本申请公开了一种镜像的拉取方法、系统、计算机设备及可读存储介质,方法包括:在AI集群部署镜像p2p服务时,获取镜像p2p服务组件包和集群的配置信息,并修改部署配置文件;基于部署配置文件将镜像p2p服务组件的镜像分发到集群的节点,并将节点服务的镜像推送到harbor仓库;编写yaml文件,基于k8s以及yaml文件将各个节点分别部署到控制节点或工作节点,并将节点挂载存储系统路径;响应于集群接收到任务,基于控制节点将任务调度到工作节点,使工作节点从harbor仓库或提供p2p服务的节点拉取镜像。通过本申请,提高了镜像拉取效率与集群的资源利用率。

Description

一种镜像的拉取方法、系统、计算机设备及可读存储介质
本申请要求在2021年09月22日提交中国专利局、申请号为202111104441.2、发明名称为“一种镜像的拉取方法、系统、计算机设备及可读存储介质”的中国专利申请的优先权,其全部内容通过引用结合在本申请中。
技术领域
本申请涉及人工智能技术领域,尤其涉及一种镜像的拉取方法、系统、计算机设备及可读存储介质。
背景技术
本申请主要应用于使用镜像进行训练的AI(Artificial Intelligence,人工智能)集群。现阶段AI训练都是基于镜像,在容器中进行模型训练。如果是分布式任务,需要多个容器同时进行训练,这些容器可能在一台或者多台服务器上。同时,AI集群基本都是微服务,支持容器化部署,并且支持kubernetes的调度和管理。kubernetes也被称为k8s,是一个用于自动化部署、扩展和管理容器化应用程序的开源系统。k8s具备容错能力,如果服务的镜像和镜像仓库出现问题,运行各个服务的容器,都可能受到影响,导致AI集群的功能出现问题,所以,对AI集群的镜像、以及镜像仓库的管理和维护至关重要。

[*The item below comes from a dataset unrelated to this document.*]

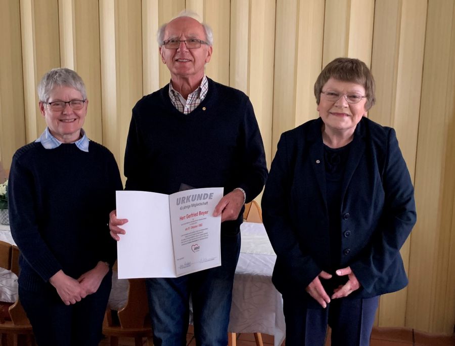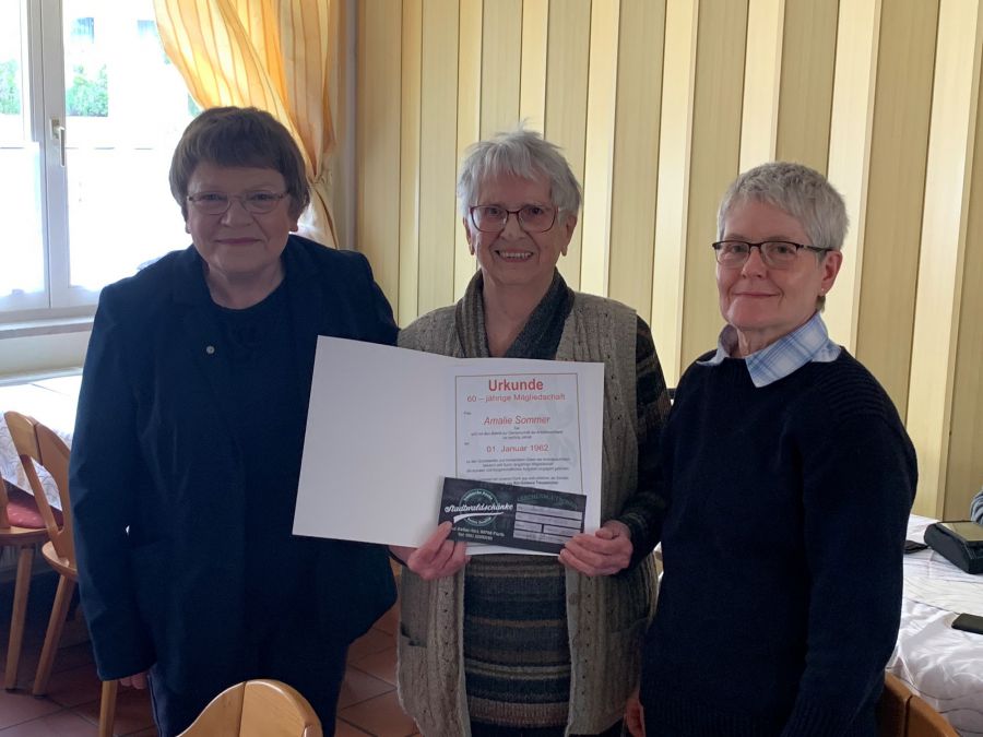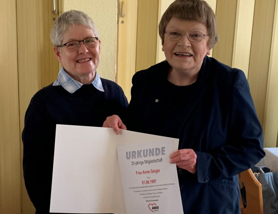 Im Rahmen der Jahreshauptversammlung des AWO-Ortsvereines Fürth-West wurden für ihre langjährige AWO-Mitgliedschaft durch die Ortsvereinsvorsitzende Anne Geiger und die Fürther Kreisverbandsvorsitzende Karin Hirschbeck einige Mitglieder geehrt. Amalie Sommer, die im April diesen Jahres ihren 100-jährigen Geburtstag feiern konnte, erhielt für 60 Jahre AWO-Mitgliedschaft eine Ehrungsurkunde sowie eine besondere Ehrungsnadel. Für 50 Jahre AWO-Mitgliedschaft wurden Anneliese Feuerlein und Georg Dresel, für 40 Jahre AWO-Mitgliedschaft Gerfried Beyer und für 25-jährige Mitgliedschaft Anne Geiger mit Ehrungsurkunde und Ehrungsnadel geehrt. Manfred Schmerler (25 Jahre), Werner Murr und Gabriele Scharlott (je 10 Jahre) konnten leider nicht anwesend sein und erhalten ihre Ehrungsurkunden und Ehrungsnadel mit Geschenkpräsent persönlich durch die Ortsvereinsvorsitzende Anne Geiger und dem Kassier Hans Schwendinger.

现阶段,进行模型训练,需要安装不同深度学习框架的镜像,大型的AI集群可能拥有几十到上百个不同类型的镜像,镜像的大小可能是几十MB,也可能是几十GB。如果对于大型的集群,高并发或者有大量用户进行模型训练,每个训练任务都需要拉取自己的框架镜像到本地,才能启动 容器进行模型训练,这个高并发或高频率拉取镜像,不仅需要花费大量时间,同时,也会增加集群的负载,占用集群的网络带宽等各类资源,影响集群的性能。
发明内容
有鉴于此,本申请提出了一种镜像的拉取方法、系统、计算机设备及可读存储介质,优化了AI训练任务的镜像拉取环节,提高了镜像拉取效率与AI集群的资源利用率。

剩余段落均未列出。